When you create a new library, all it takes is careful design to ensure that the library will be thread-safe. As you decide what state is needed for the function, you can determine which state needs to be shared between threads, which state should be managed by the caller through external context handles, which state can be kept in local variables within a function, and so forth. You can define the interfaces to the functions to support that state in the most efficient manner. But when you're modifying an existing library to work with threads, you usually don't have that luxury. And when you are using someone else's library, you may need simply to "make do."
7.3.1 Modifying libraries to be thread-safe
Many functions rely on static storage across a sequence of calls, for example, strtok or getpwd. Others depend on returning a pointer to static storage, for example, asctime. This section points out some techniques that can help when you need to make "legacy" libraries thread-safe, using some well-known examples in the ANSI C run-time library.
The simplest technique is to assign a mutex to each subsystem. At any call into the subsystem you lock the mutex; at any exit from the subsystem you unlock the mutex. Because this single mutex covers the entire subsystem, we often refer to such a mechanism as a "big mutex" (see Section 3.2.4). The mutex prevents more than one thread from executing within the subsystem at a time. Note that this fixes only
One problem with using the "big mutex" approach is that you have to be careful about your definition of "subsystem." You need to include all functions that share data or that call each other. If malloc and free have one mutex while realloc uses another, then you've got a race as soon as one thread calls realloc while another thread is in malloc or free.
And what if realloc is implemented to call malloc, copy data, and then call free on the old pointer? The realloc function would lock the heap mutex and call malloc. The malloc function would immediately try to lock the heap mutex itself, resulting in a deadlock.
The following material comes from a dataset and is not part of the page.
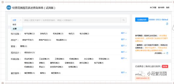 申請人可通過復制組合碼獲取經(jīng)營范圍規(guī)范化表述。8.系統(tǒng)提供了通過“主題”的方式批量查詢經(jīng)營范圍條目的功能,使用者可以點擊搜索框左方的箭頭,選擇“主題”條目。如下圖13:

There are several ways to solve this. One is to carefully separate each of the external interfaces into an internal "engine" function that does the actual work and an external entry point that locks the subsystem mutex and calls the engine. Other entry points within the subsystem that need the same engine function would call it directly rather than using the normal entry point. That's often the most efficient solution, but it is also harder to do. Another possibility is to construct a "recursive" mutex that allows the subsystem to relock
its own mutex without deadlock.* Now malloc and free are allowed to relock the mutex held by realloc, but another thread trying to call any of them will be blocked until realloc completely unlocks the recursive mutex.
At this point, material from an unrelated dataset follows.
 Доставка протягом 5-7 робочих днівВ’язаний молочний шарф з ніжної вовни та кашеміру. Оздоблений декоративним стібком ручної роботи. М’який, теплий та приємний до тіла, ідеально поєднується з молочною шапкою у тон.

Most functions with persistent state require more substantial changes than just a "big mutex," especially to avoid altering the interface. The asctime function, for example, returns a pointer to the character string representation of a binary time. Traditionally, the string is formatted into a static buffer declared within the asctime function, and the function returns a pointer to that buffer.
Locking a mutex within asctime isn't enough to protect the data. In fact, it is not even particularly useful. After asctime returns, the mutex has been unlocked. The caller needs to read the buffer, and there is nothing to prevent another thread from calling asctime (and "corrupting" the first thread's result) before the first thread has finished reading or copying it. To solve this problem using a mutex, the caller would need to lock a mutex before calling asctime, and then unlock it only after it had finished with the data or copied the returned buffer somewhere "safe."
The problem can instead be fixed by recoding asctime to allocate a heap buffer using malloc, formatting the time string into that buffer, and returning its address. The function can use a thread-specific data key to keep track of the heap address so that it can be reused on the next call within that thread. When the thread terminates, a destructor function can free the storage.